--- About this task ---
Please reproduce the listing in its entirety, exactly as written, but without images.

======== Provided data

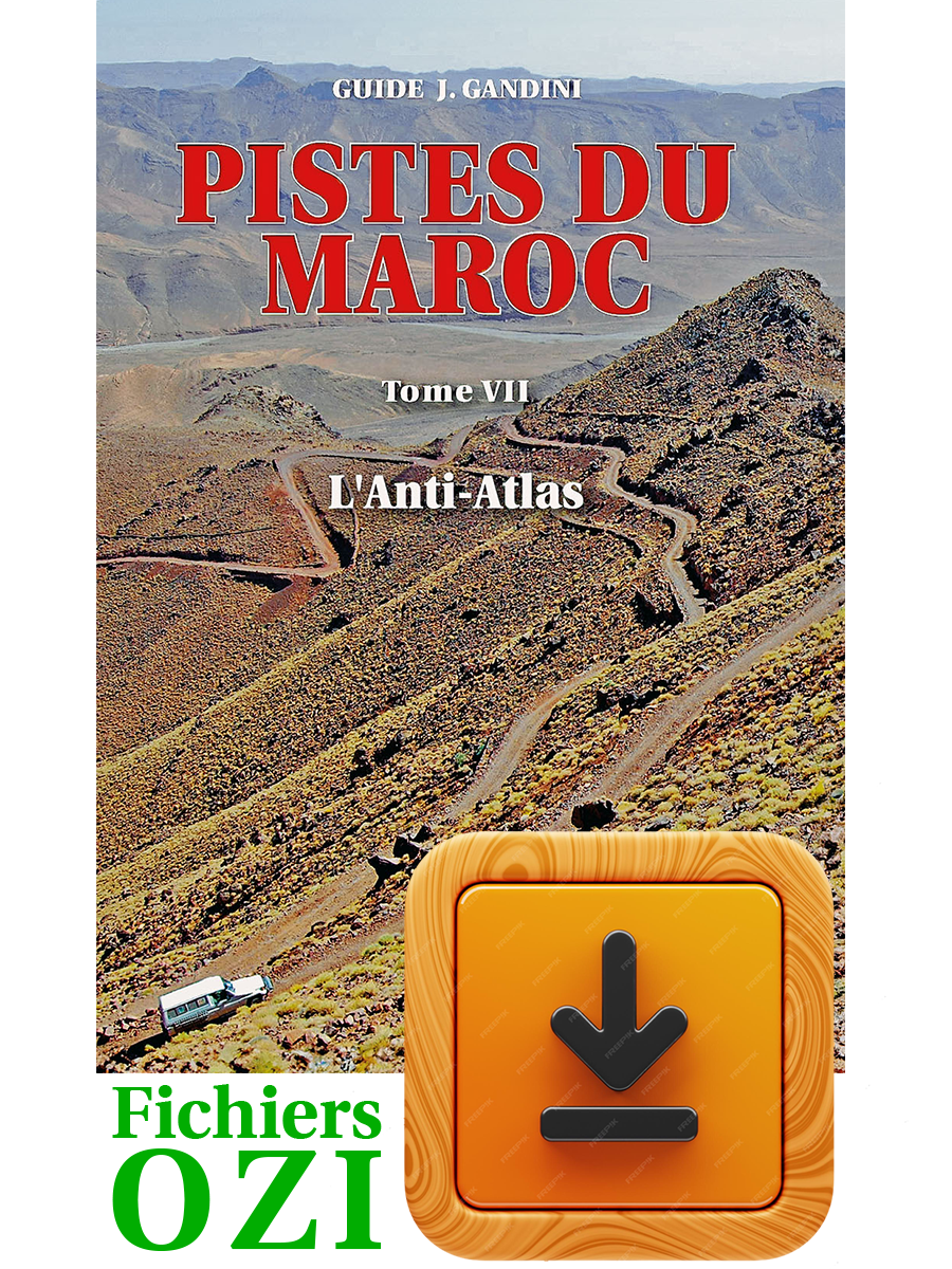 La totalité des parcours de l'édition 2013 du tome 3 de Pistes du Maroc (L'Anti-Atlas) en fichier au format OZI à intégrer dans votre appareil équipé du logiciel Ozi Explorer.
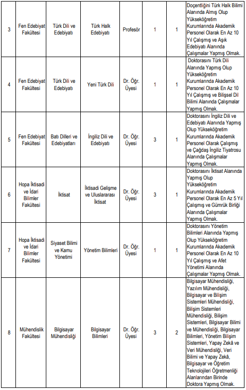 Yayımlanan ilana göre; Profesör, Doçent ve Doktor Öğretim Üyesi unvanlarında toplam 14 farklı kadro için öğretim üyesi alınacak. Başvurular, 2547 sayılı Yükseköğretim Kanunu, 657 sayılı Devlet Memurları Kanunu’nun ilgili maddeleri, “Öğretim Üyeliğine Yükseltilme ve Atanma Yönetmeliği” ile Üniversitenin kendi yönergesi hükümlerine göre değerlendirilecek.
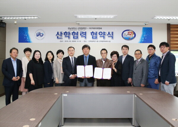 이날 협약식에는 경남대 산학협력단 강재관 단장, 이성일 부단장, 박은주 부단장, 식품영양생명학부 신동순 교수, 김현아 교수, 강옥주 교수, 김지상 교수, 박재희 교수, 김기대 교수와 아구데이위원회 김군수 상임위원장, 김삼연 공동위원장, 김상수 공동위원장, 서성근 집행위원장, 심재훈 사무국장 등이 참석했다.

================

--- Result for this exercise ---
 La totalité des parcours de l'édition 2013 du tome 3 de Pistes du Maroc (L'Anti-Atlas) en fichier au format OZI à intégrer dans votre appareil équipé du logiciel Ozi Explorer.
 Yayımlanan ilana göre; Profesör, Doçent ve Doktor Öğretim Üyesi unvanlarında toplam 14 farklı kadro için öğretim üyesi alınacak. Başvurular, 2547 sayılı Yükseköğretim Kanunu, 657 sayılı Devlet Memurları Kanunu’nun ilgili maddeleri, “Öğretim Üyeliğine Yükseltilme ve Atanma Yönetmeliği” ile Üniversitenin kendi yönergesi hükümlerine göre değerlendirilecek.
 이날 협약식에는 경남대 산학협력단 강재관 단장, 이성일 부단장, 박은주 부단장, 식품영양생명학부 신동순 교수, 김현아 교수, 강옥주 교수, 김지상 교수, 박재희 교수, 김기대 교수와 아구데이위원회 김군수 상임위원장, 김삼연 공동위원장, 김상수 공동위원장, 서성근 집행위원장, 심재훈 사무국장 등이 참석했다.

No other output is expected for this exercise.